# The problem
Your response to the data below should hold nothing except the lines from the one containing "Abstract Futuristic Technology" down to the one containing "王亦晨老师以党的二十大报告主", reproduced exactly and without pictures.

# Data records
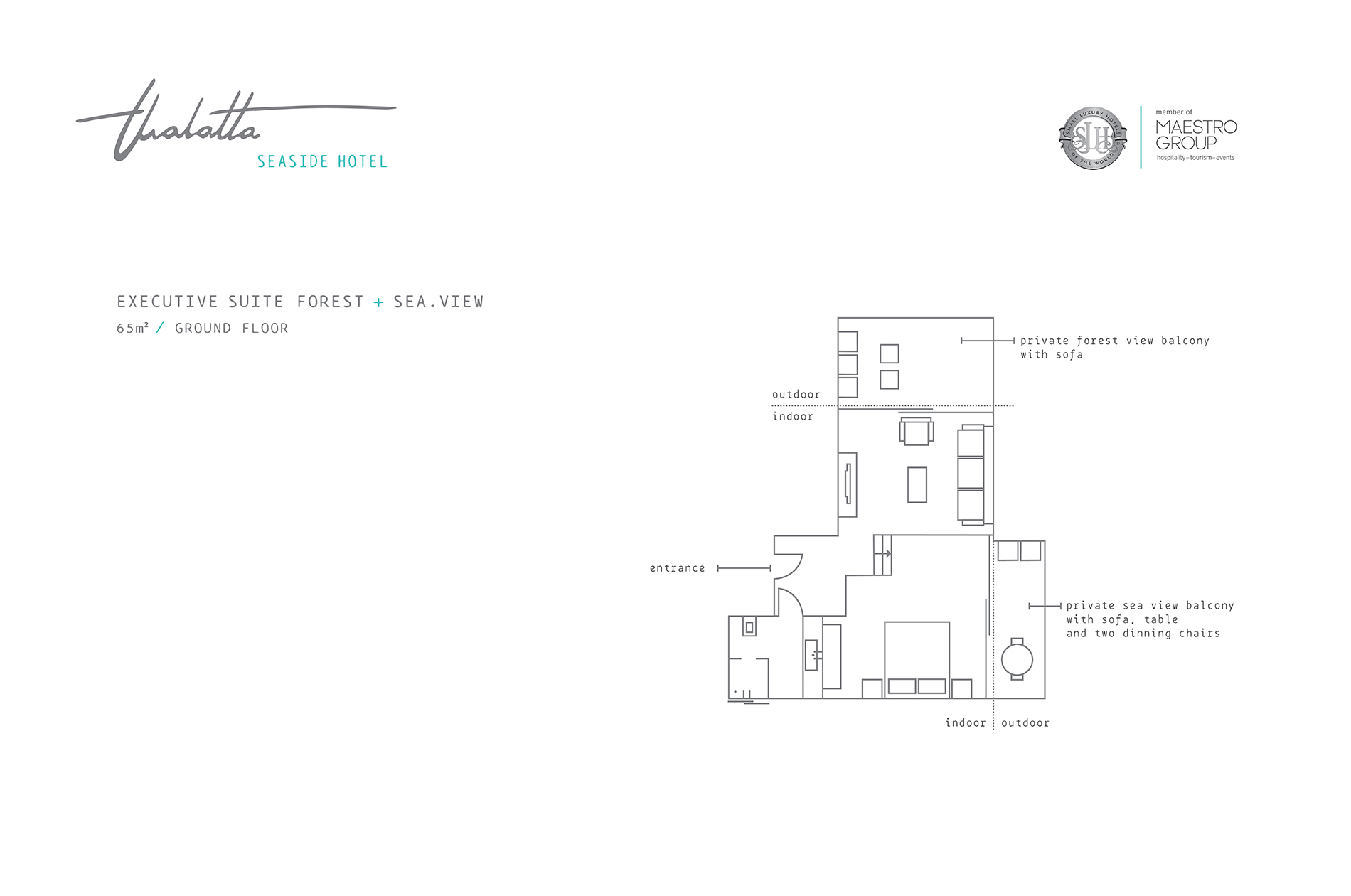 - 2 private sea & forest view balconies with sofa, table and two dinning chairs
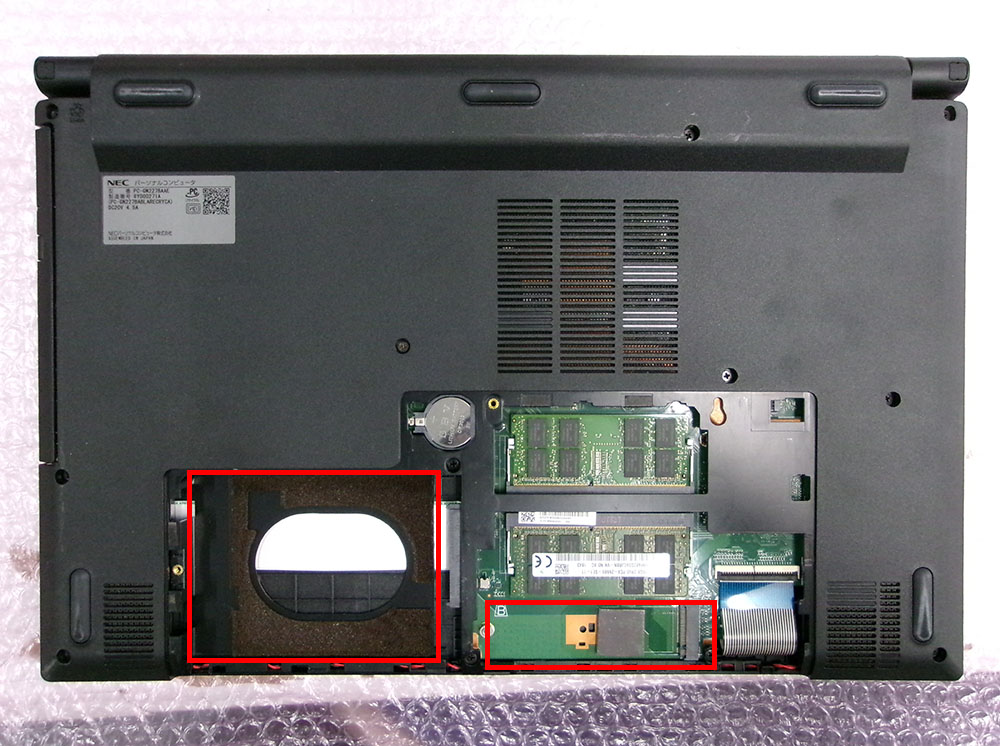 SSD・HDDを取り外した後の写真しかありませんでしたが、赤枠の位置にM.2 SSDと2.5インチHDDがありました。
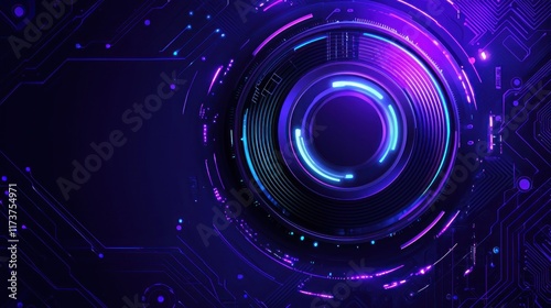 Abstract Futuristic Technology Background: Neon Circuitry and Glowing Interface
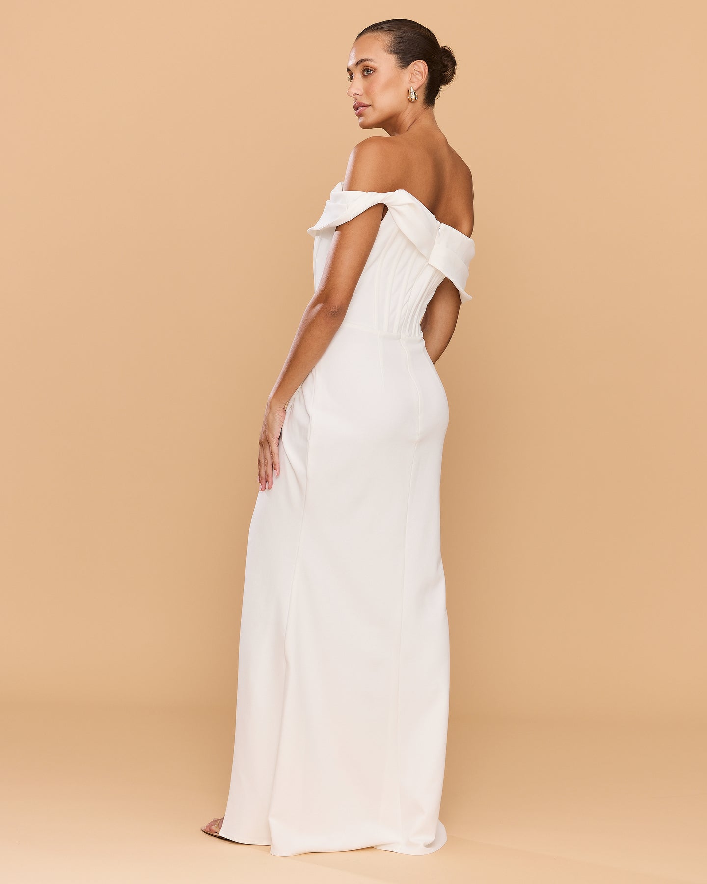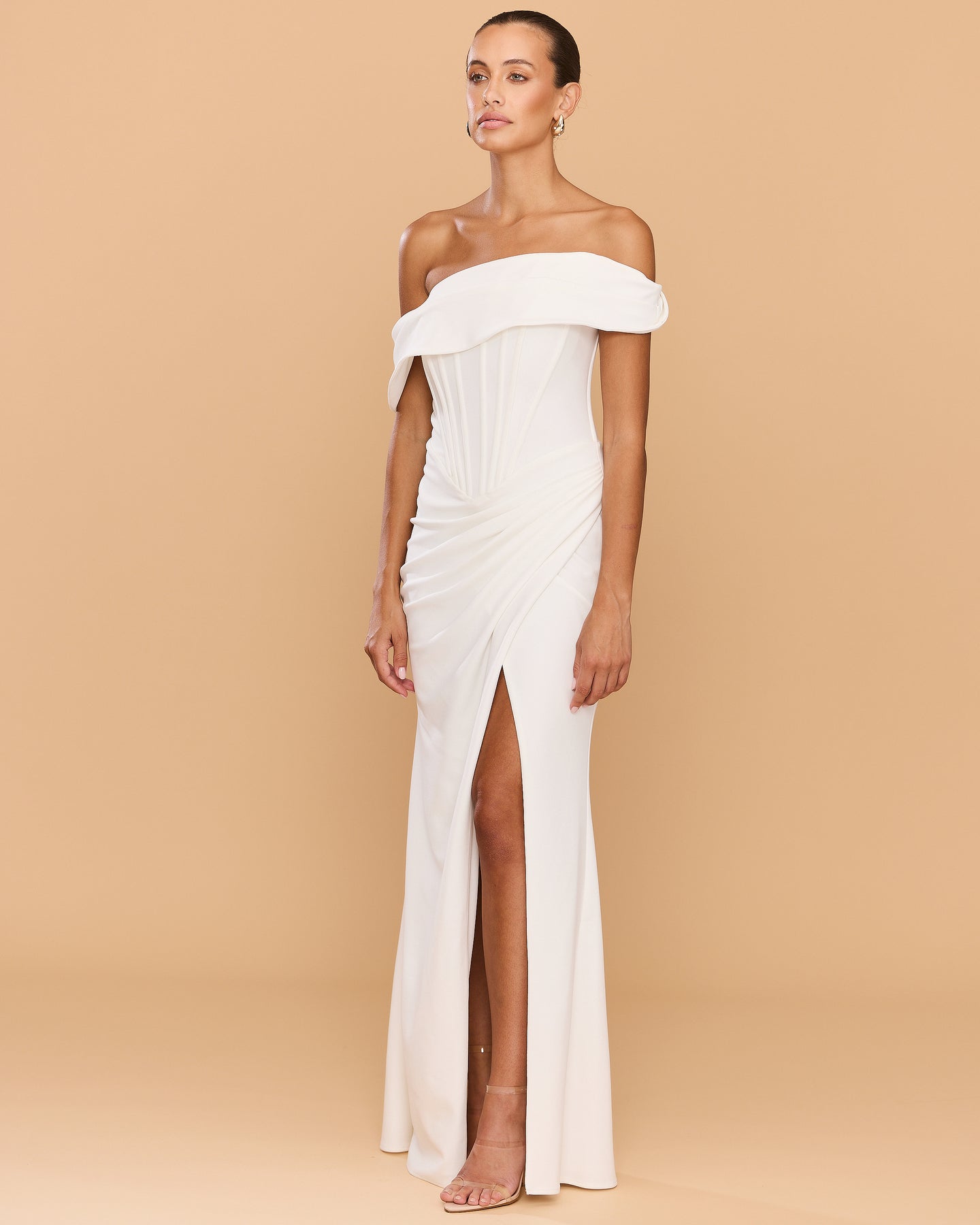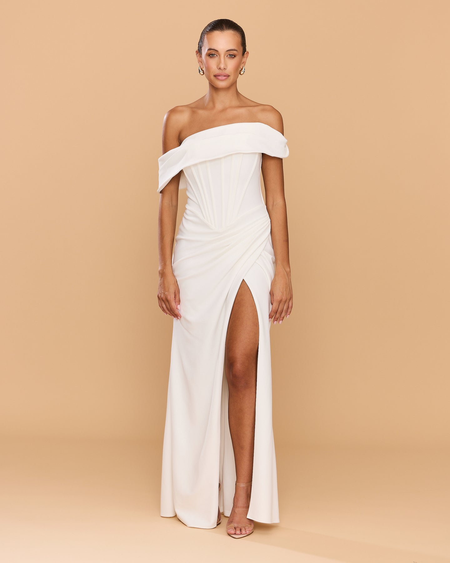 The Sapphire gown in white features an elegant off-shoulder design paired with a flattering corset detail that enhances your silhouette. Ideal for bridal showers, hens nights, or glamorous galas, this gown combines timeless style with a touch of sophistication to make you stand out on any special occasion.
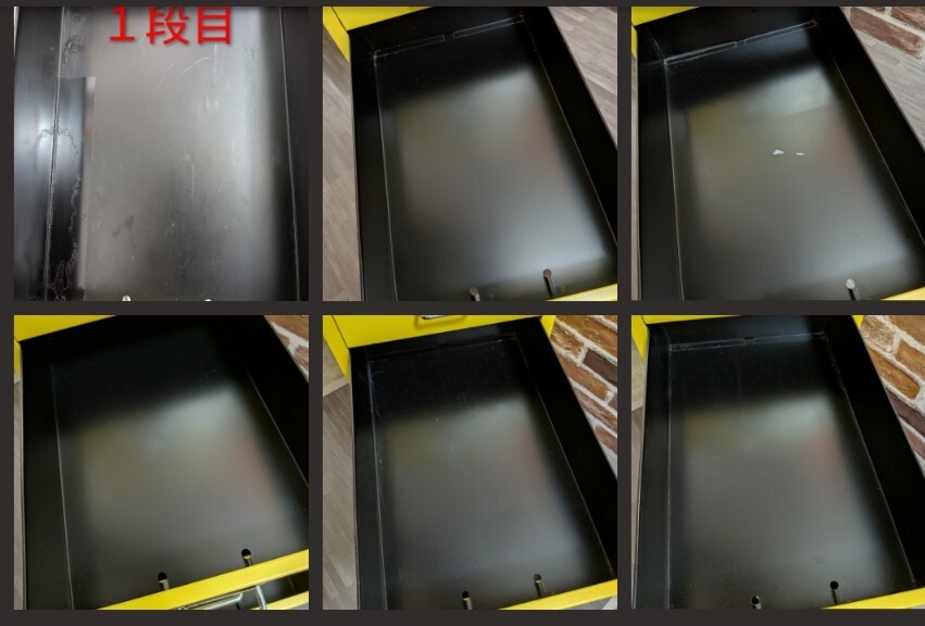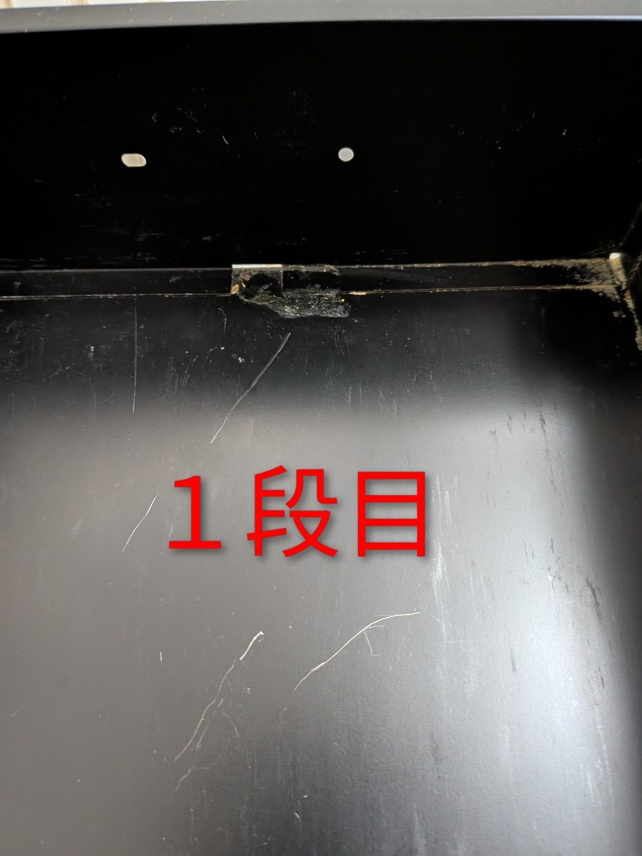 1段目の中がけっこう傷んでまして一部再塗装した跡、接着剤の跡が有ります。
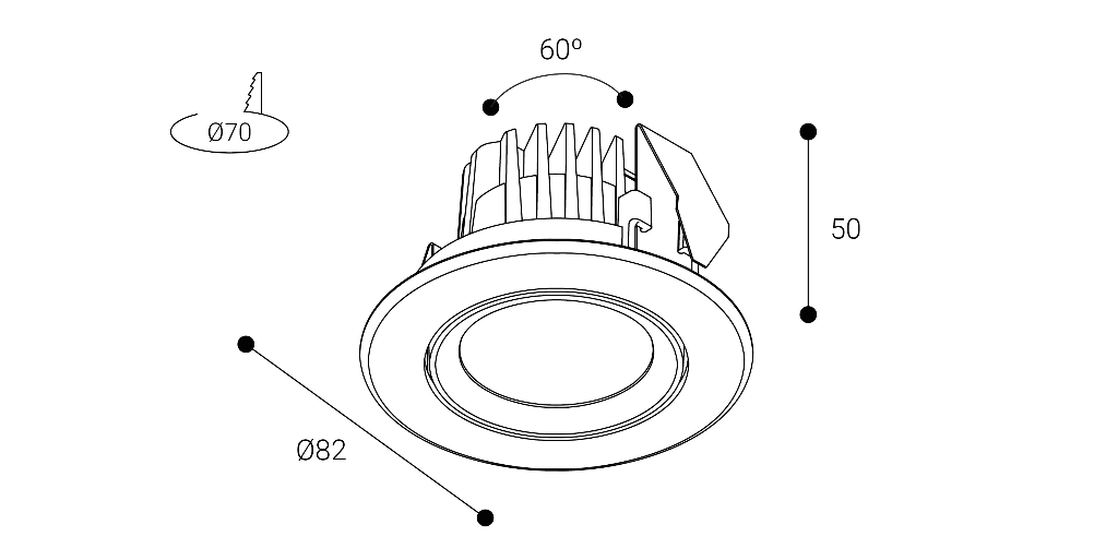 Tiny ref. TI03DB, fabricado por Normalit. Flujo: 670lm. CRI: 80%. Temperatura de color: 3000K. Ángulo de apertura: 66º. Versión: DALI2. Modo de instalación: Empotrada techo directa. Eficiencia: 87,3%. Expectativa de vida: 60.000h L70B10. Elipses de MacAdam: 3. Seguridad fotobiológica Grupo: 1. UGR: 19. Alimentación: 220-240V 50/60Hz. Potencia: 5,8W. Consumo: 7W. Factor de potencia: 0,94. Clase: II. IP: 20. Hilo incandescente: 850ºC. Descripción de materiales: Disipador: Aluminio inyectado. Reflector: Policarbonato. Aro: Policarbonato. Acabado: Blanco, diámetro: 82mm. Peso: 0,14kg. Temperatura de trabajo: de -20ºC a 40ºC
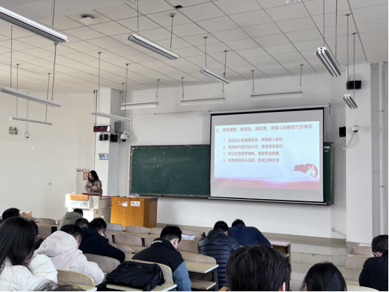 王亦晨老师以党的二十大报告主题为切入点,以习近平总书记在党的二十大上的报告中对广大青年提出的“立志做有理想、敢担当、能吃苦、肯奋斗的新时代好青年”重要要求为中心,通过讲述青年始终是实现中华民族伟大复兴的先锋力量;新征程上,青年的使命与担当;做有理想、敢担当、能吃苦、肯奋斗的新时代好青年三部分内容,激励作为新征程上的青年,要深刻认识自身所肩负的时代使命,增强历史主动精神,达到高度自觉。希望广大青年:首先要有坚定远大的理想信念,明确奋斗目标;其次要勇担时代赋予的大任,增强使命意识;第三要树立吃苦耐劳精神,激发劳动欲望;最后还要培育团结奋斗品质,练就过硬本领。作为新时代中国青年,在享受着优越的物质条件,可以做出更多的个人选择之时,一定要坚定理想信念、勇担时代大任、树立吃苦耐劳精神、培育团结奋进品质。
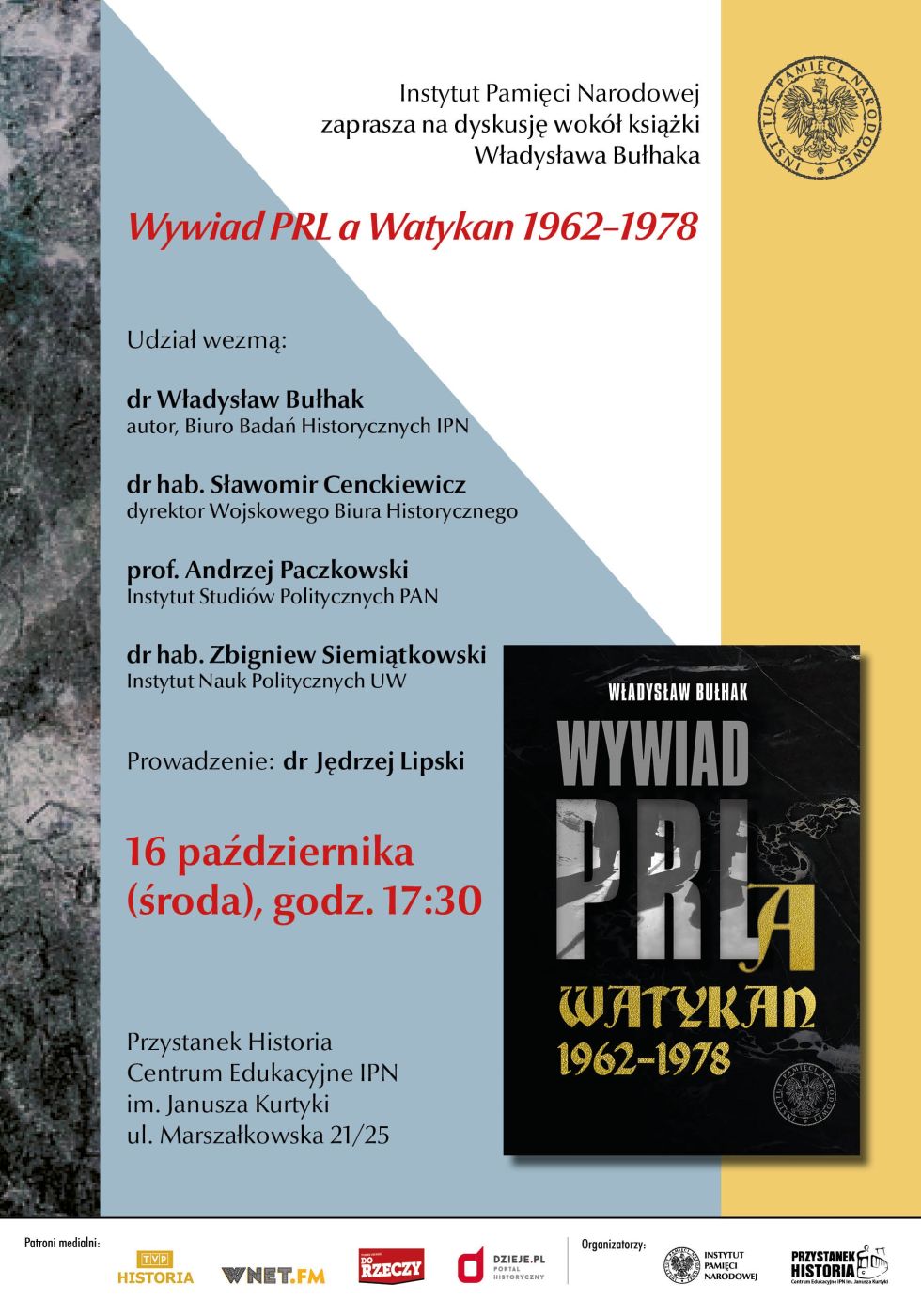 16 października 2019 roku, w Centrum Edukacyjnym IPN im. Janusza Kurtyki „Przystanek Historia” w Warszawie, odbyła się dyskusja wokół książki Władysława Bułhaka „Wywiad PRL a Watykan 1962–1978”.
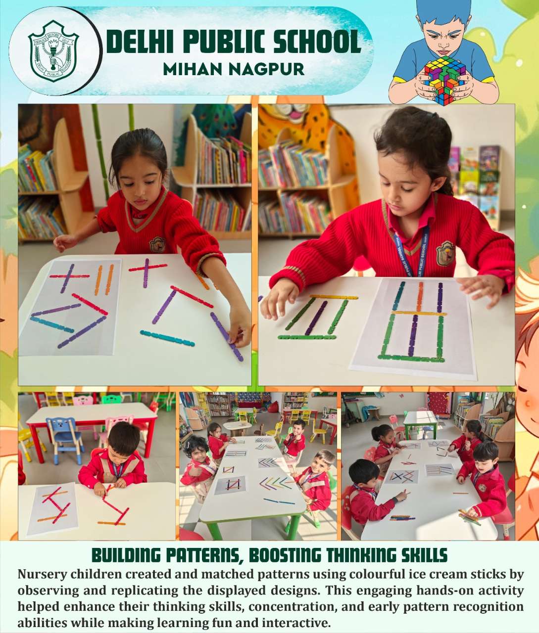 Nursery children created and matched patterns using colourful ice cream sticks by observing and replicating the displayed designs. This engaging hands-on activity helped enhance their thinking skills, concentration, and abilities while making learning fun and interactive.
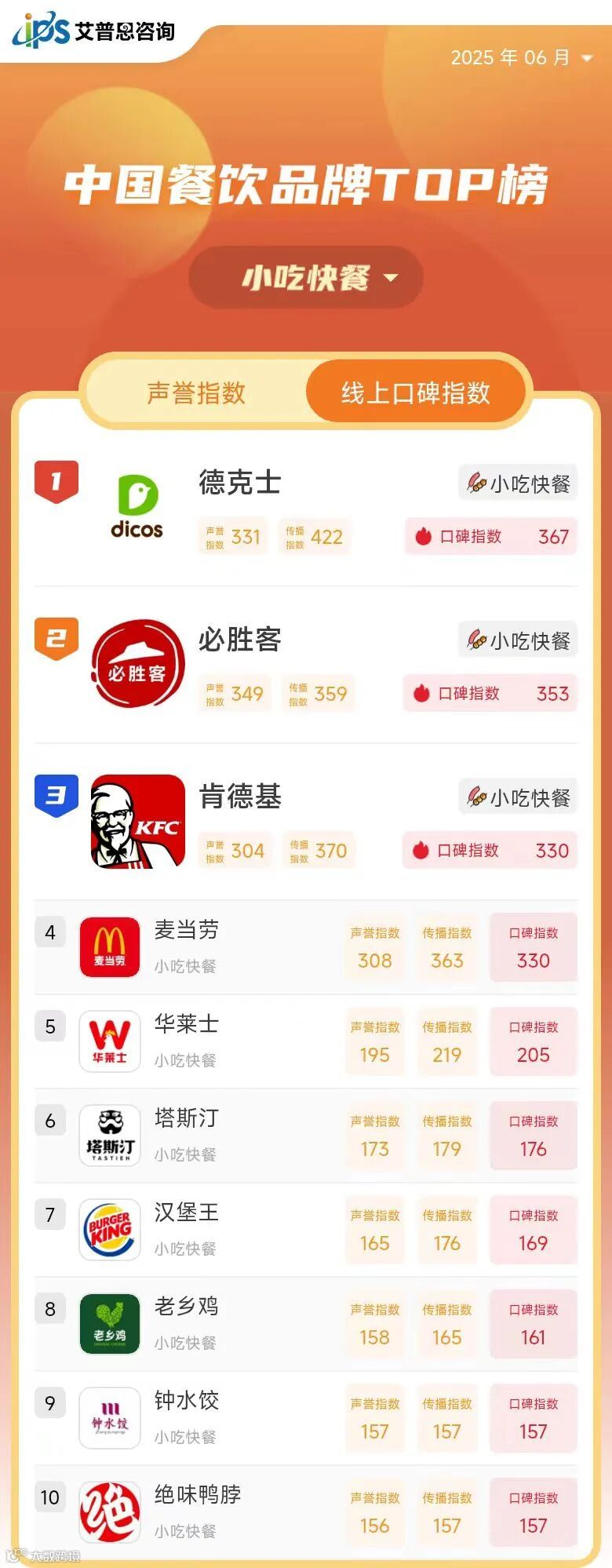 继《中国房地产品牌线上口碑指数排行榜》之后,我们发布了原创指数“艾普思品牌线上口碑指数”的又一应用榜单——《中国餐饮品牌线上口碑指数排行榜》。国家统计局发布的数据显示,2024年全年,全国餐饮收入55718亿元,同比增长5.3%,餐饮消费潜力持续恢复。与此同时,据红餐网数据显示,2024年有近300万家餐饮门店关闭,创下历史新高。行业整体收入实现增长,门店关闭的态势却不断加剧,反映出当下餐饮市场竞争已经进入白热化阶段。榜单旨在依托互联网文本大数据分析技术,助力餐饮企业在后疫情时代精准洞察品牌线上口碑表现,加强消费者聆听,有针对性地实施产品及品牌策略,增强抗风险能力,促进品牌持续健康发展。

# Result for this exercise
 Abstract Futuristic Technology Background: Neon Circuitry and Glowing Interface
 The Sapphire gown in white features an elegant off-shoulder design paired with a flattering corset detail that enhances your silhouette. Ideal for bridal showers, hens nights, or glamorous galas, this gown combines timeless style with a touch of sophistication to make you stand out on any special occasion.
 1段目の中がけっこう傷んでまして一部再塗装した跡、接着剤の跡が有ります。
 Tiny ref. TI03DB, fabricado por Normalit. Flujo: 670lm. CRI: 80%. Temperatura de color: 3000K. Ángulo de apertura: 66º. Versión: DALI2. Modo de instalación: Empotrada techo directa. Eficiencia: 87,3%. Expectativa de vida: 60.000h L70B10. Elipses de MacAdam: 3. Seguridad fotobiológica Grupo: 1. UGR: 19. Alimentación: 220-240V 50/60Hz. Potencia: 5,8W. Consumo: 7W. Factor de potencia: 0,94. Clase: II. IP: 20. Hilo incandescente: 850ºC. Descripción de materiales: Disipador: Aluminio inyectado. Reflector: Policarbonato. Aro: Policarbonato. Acabado: Blanco, diámetro: 82mm. Peso: 0,14kg. Temperatura de trabajo: de -20ºC a 40ºC
 王亦晨老师以党的二十大报告主题为切入点,以习近平总书记在党的二十大上的报告中对广大青年提出的“立志做有理想、敢担当、能吃苦、肯奋斗的新时代好青年”重要要求为中心,通过讲述青年始终是实现中华民族伟大复兴的先锋力量;新征程上,青年的使命与担当;做有理想、敢担当、能吃苦、肯奋斗的新时代好青年三部分内容,激励作为新征程上的青年,要深刻认识自身所肩负的时代使命,增强历史主动精神,达到高度自觉。希望广大青年:首先要有坚定远大的理想信念,明确奋斗目标;其次要勇担时代赋予的大任,增强使命意识;第三要树立吃苦耐劳精神,激发劳动欲望;最后还要培育团结奋斗品质,练就过硬本领。作为新时代中国青年,在享受着优越的物质条件,可以做出更多的个人选择之时,一定要坚定理想信念、勇担时代大任、树立吃苦耐劳精神、培育团结奋进品质。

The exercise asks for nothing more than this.